The listing below should be reproduced precisely, except for its images.

SUPPLIED DATA:
━━━━━━━━━━━━━━━━
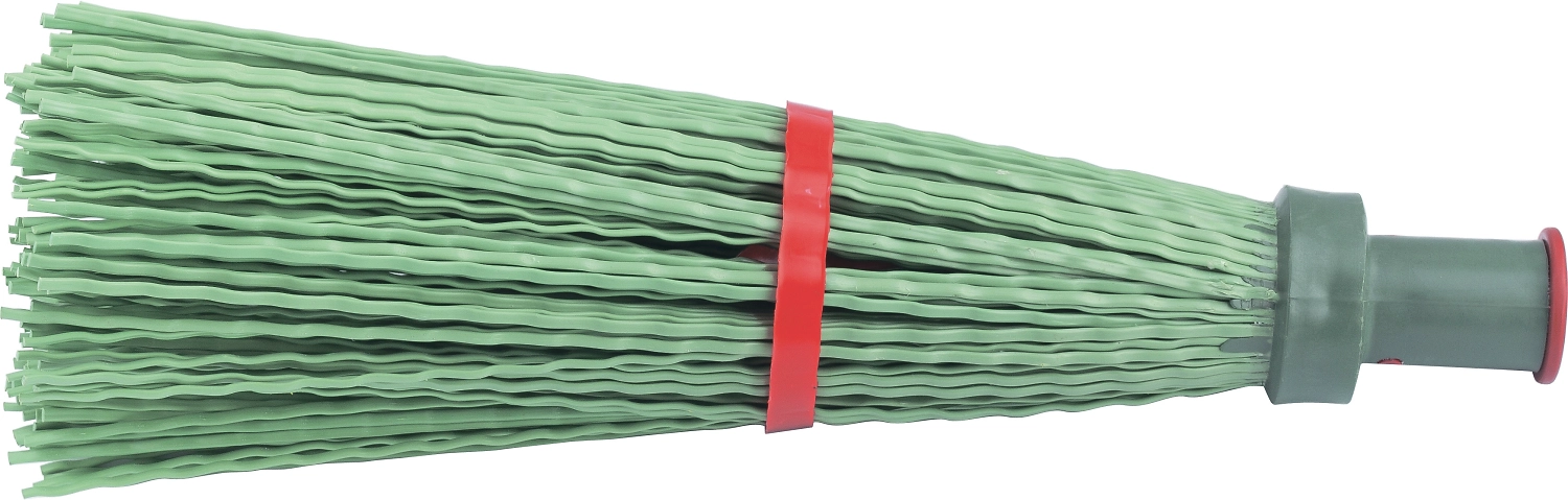 Полипропиленовая метла предназначена для уборки на улице. Изготовлена из пластика, благодаря чему имеет небольшой вес. Черенок метлы выполнена из натурального дерева. Рабочая часть метлы круглая.
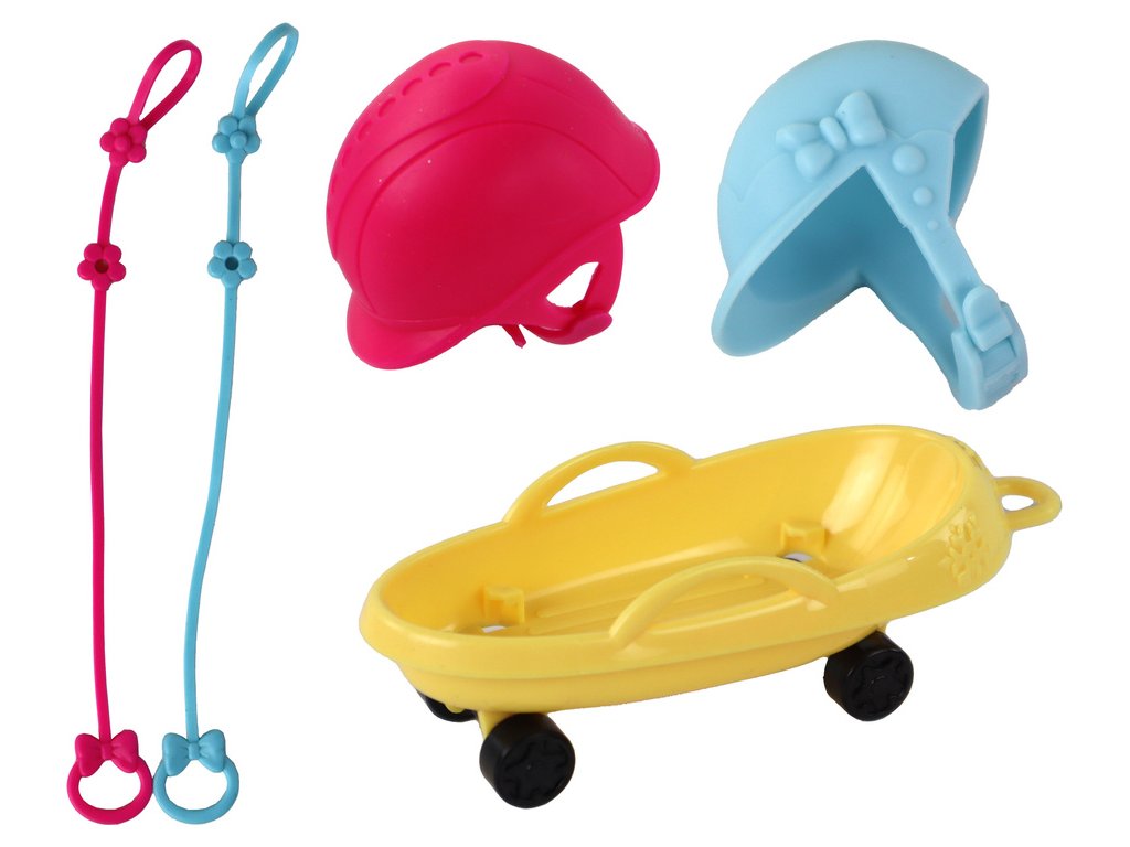 - Obsah sady zahrnuje také malou panenku, psa Husky s vodítkem a vozík pro psa, které otevírají další možnosti pro hru
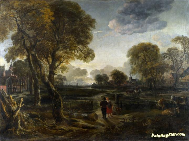 An Evening View Near A Village, Art Painting by Aert van der Neer
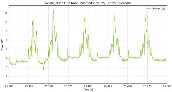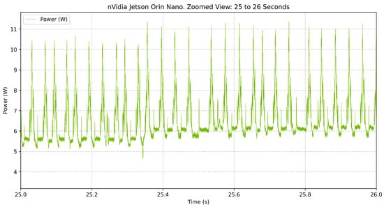 Zoomed-in power consumption of the NVIDIA Jetson Orin Nano within a 1-s interval during inference execution.
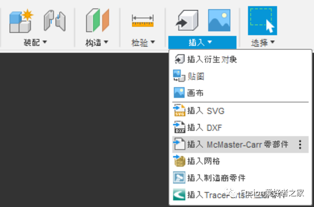 目前Fusion 360还没有提供统一的标准件库(虽然有些功能模块已经提供了一些行业标准件)。McMaster Carr是一个提供工程标准零部件的在线商店,您可以下载几乎所有目录的3D模型。Fusion 360已与他们的网站集成,因此可以从“插入”下拉菜单中选择插入其中的标准零部件。
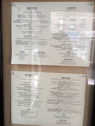 This place is awesome. Ive been here 2-3 times for brunch and once for dinner. I always get the Eggs Benedict, which is pretty awesome. I got the burger for dinner one night, and it was delicious. If you go to brunch and love coffee, get a cup. Its fair trade organic and is delicious. Servers are always super nice (especially Hayden) and the decor is typically awesome Brooklyn - booths and brick walls, and theres a bar. Highly recommended.
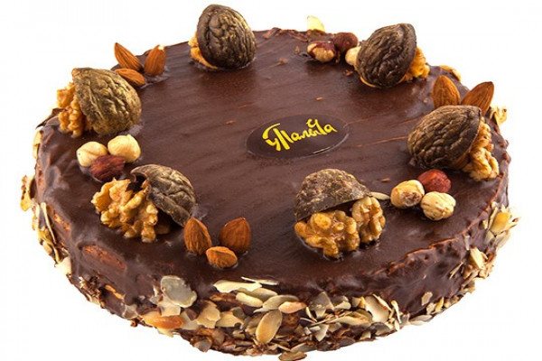 Ореховый торт по-королевски желательно употреблять охлаждённым с несладким зелёным чаем, фруктовым соком или молоком.
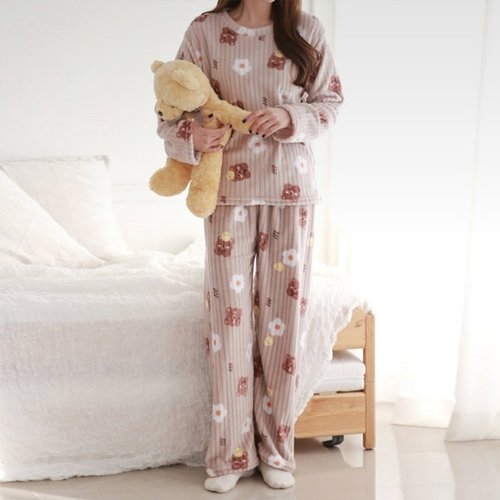 DDO 극세사 수면잠옷 곰돌이 패턴 상하세트 겨울 홈웨어 CW모모
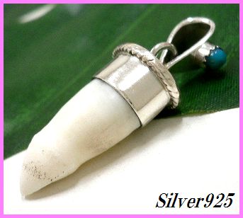 - シルバー925銀のターコイズ付クロコダイル牙ペンダント/1点のみ
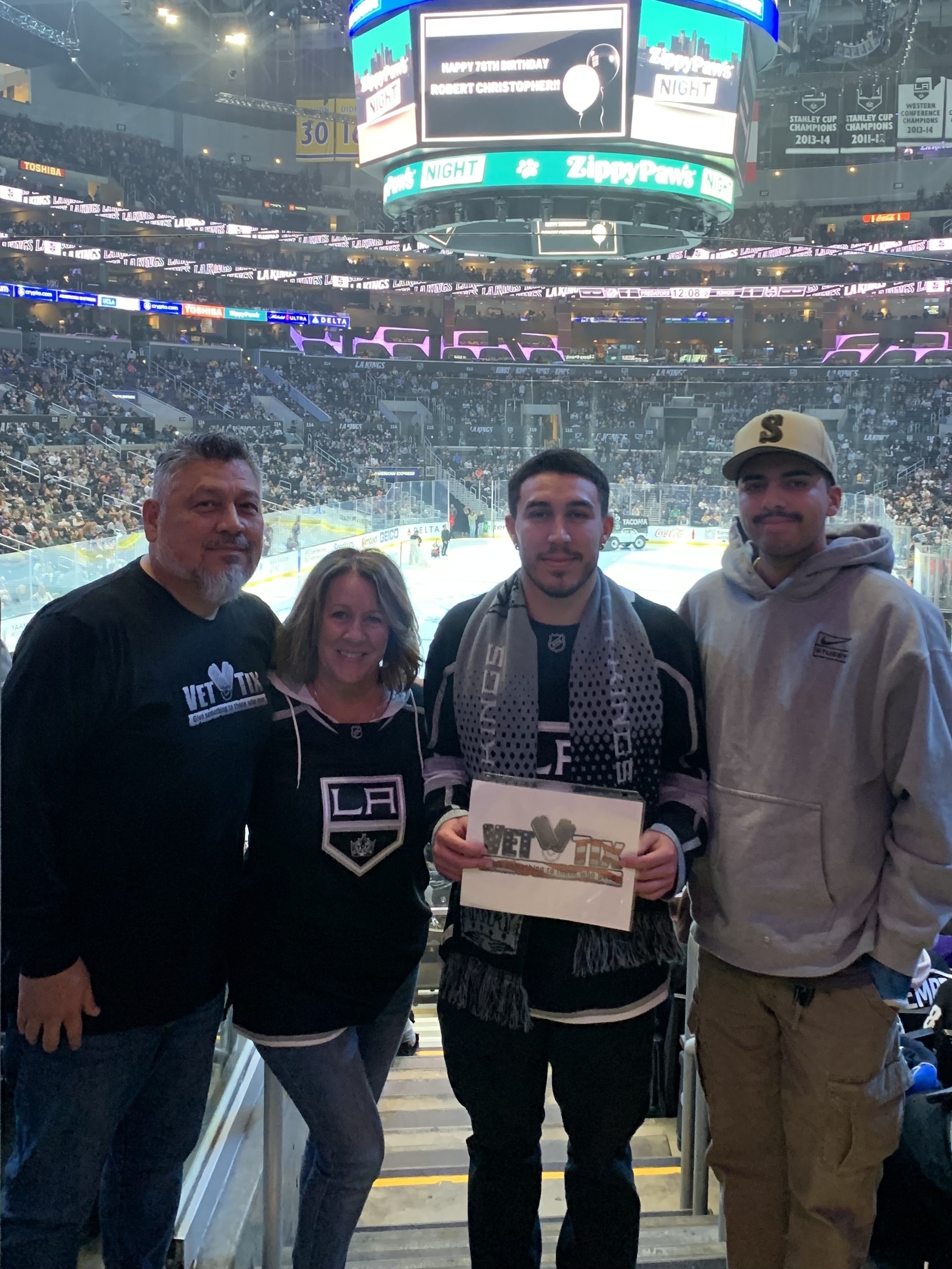 Thank you Veteran Tickets Foundation Purchases we enjoyed the Los Angeles Kings hockey game.
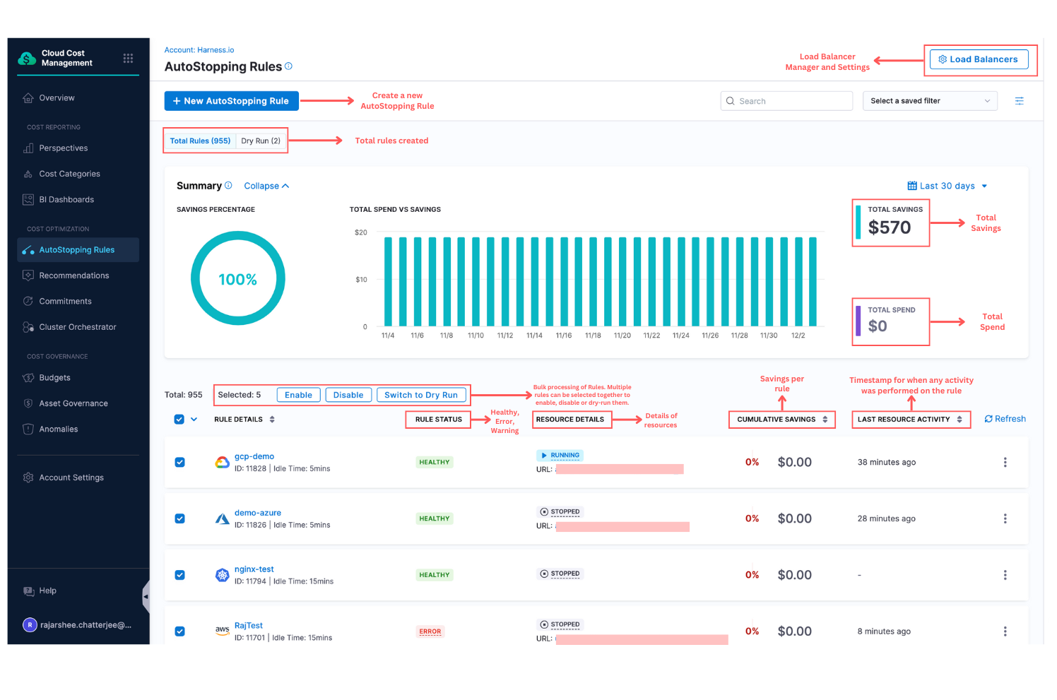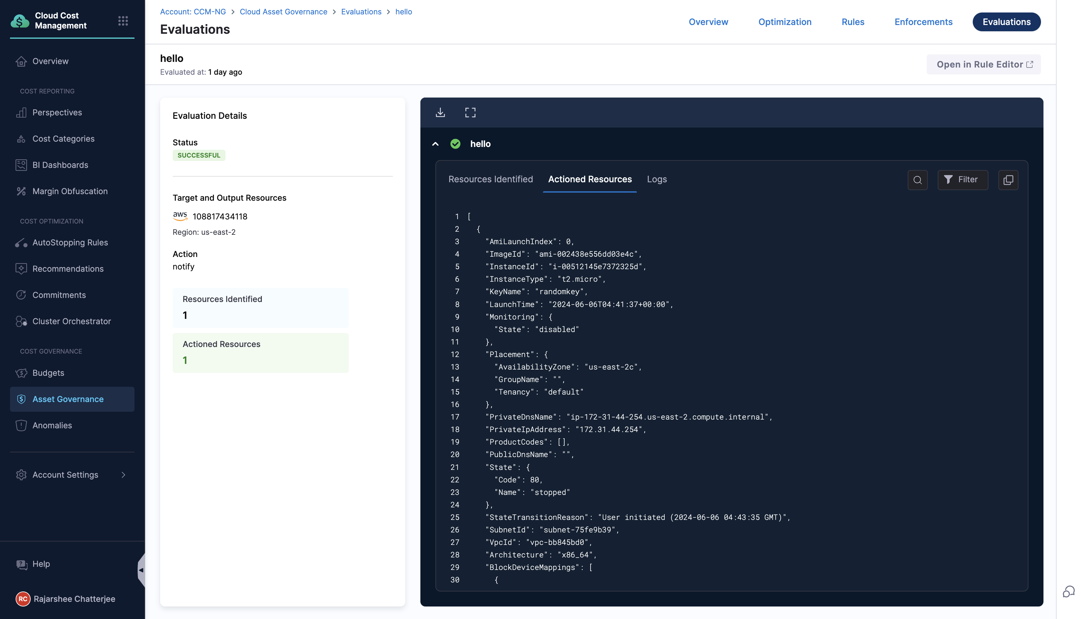Savings will be calculated for rules that are created and resources are being utilized. Rules created with valid resources will display savings numbers as long as the resource is valid and cost data is available in the Cloud Usage Report (CUR). Resources that are onboarded in "Down" state and not used after rule creation will not show any savings, as the details of such resources will be completely missing in the CUR.
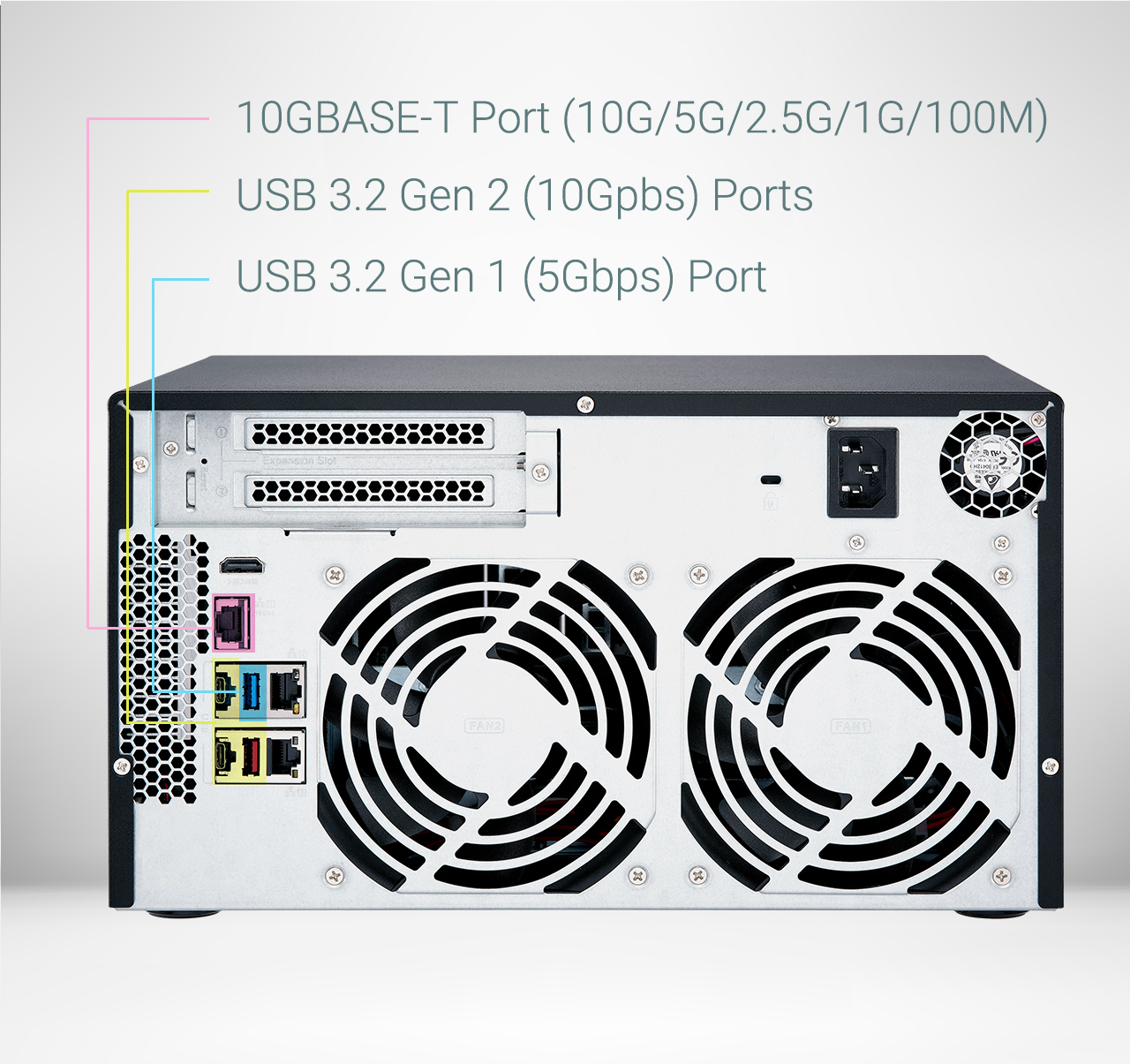 TVS-872X 提供 2 个 Gigabit 及单端口 10GBASE-T 网络端口 (支持 10G/5G/2.5G/1G/100M 五速传输),满足企业对虚拟化应用、大量文件存取、备份和复原等高带宽作业的需求。搭配 QNAP 旗下多款网管型和非网管型 10GbE 交换机,用精省预算打造流畅、安全、多个设备可共享的高网速协作环境。TVS-872X 亦提供 4 个 USB 3.2 Gen 2 端口,可达 10 Gb/s 传输速率,让您通过 USB 接口也能快速完成影音媒体等大文件传输,应用更广、效率更高,且十分便利。
━━━━━━━━━━━━━━━━
REPLY:
 Полипропиленовая метла предназначена для уборки на улице. Изготовлена из пластика, благодаря чему имеет небольшой вес. Черенок метлы выполнена из натурального дерева. Рабочая часть метлы круглая.
 - Obsah sady zahrnuje také malou panenku, psa Husky s vodítkem a vozík pro psa, které otevírají další možnosti pro hru
 An Evening View Near A Village, Art Painting by Aert van der Neer
 Zoomed-in power consumption of the NVIDIA Jetson Orin Nano within a 1-s interval during inference execution.
 目前Fusion 360还没有提供统一的标准件库(虽然有些功能模块已经提供了一些行业标准件)。McMaster Carr是一个提供工程标准零部件的在线商店,您可以下载几乎所有目录的3D模型。Fusion 360已与他们的网站集成,因此可以从“插入”下拉菜单中选择插入其中的标准零部件。
 This place is awesome. Ive been here 2-3 times for brunch and once for dinner. I always get the Eggs Benedict, which is pretty awesome. I got the burger for dinner one night, and it was delicious. If you go to brunch and love coffee, get a cup. Its fair trade organic and is delicious. Servers are always super nice (especially Hayden) and the decor is typically awesome Brooklyn - booths and brick walls, and theres a bar. Highly recommended.
 Ореховый торт по-королевски желательно употреблять охлаждённым с несладким зелёным чаем, фруктовым соком или молоком.
 DDO 극세사 수면잠옷 곰돌이 패턴 상하세트 겨울 홈웨어 CW모모
 - シルバー925銀のターコイズ付クロコダイル牙ペンダント/1点のみ
 Thank you Veteran Tickets Foundation Purchases we enjoyed the Los Angeles Kings hockey game.
Savings will be calculated for rules that are created and resources are being utilized. Rules created with valid resources will display savings numbers as long as the resource is valid and cost data is available in the Cloud Usage Report (CUR). Resources that are onboarded in "Down" state and not used after rule creation will not show any savings, as the details of such resources will be completely missing in the CUR.
 TVS-872X 提供 2 个 Gigabit 及单端口 10GBASE-T 网络端口 (支持 10G/5G/2.5G/1G/100M 五速传输),满足企业对虚拟化应用、大量文件存取、备份和复原等高带宽作业的需求。搭配 QNAP 旗下多款网管型和非网管型 10GbE 交换机,用精省预算打造流畅、安全、多个设备可共享的高网速协作环境。TVS-872X 亦提供 4 个 USB 3.2 Gen 2 端口,可达 10 Gb/s 传输速率,让您通过 USB 接口也能快速完成影音媒体等大文件传输,应用更广、效率更高,且十分便利。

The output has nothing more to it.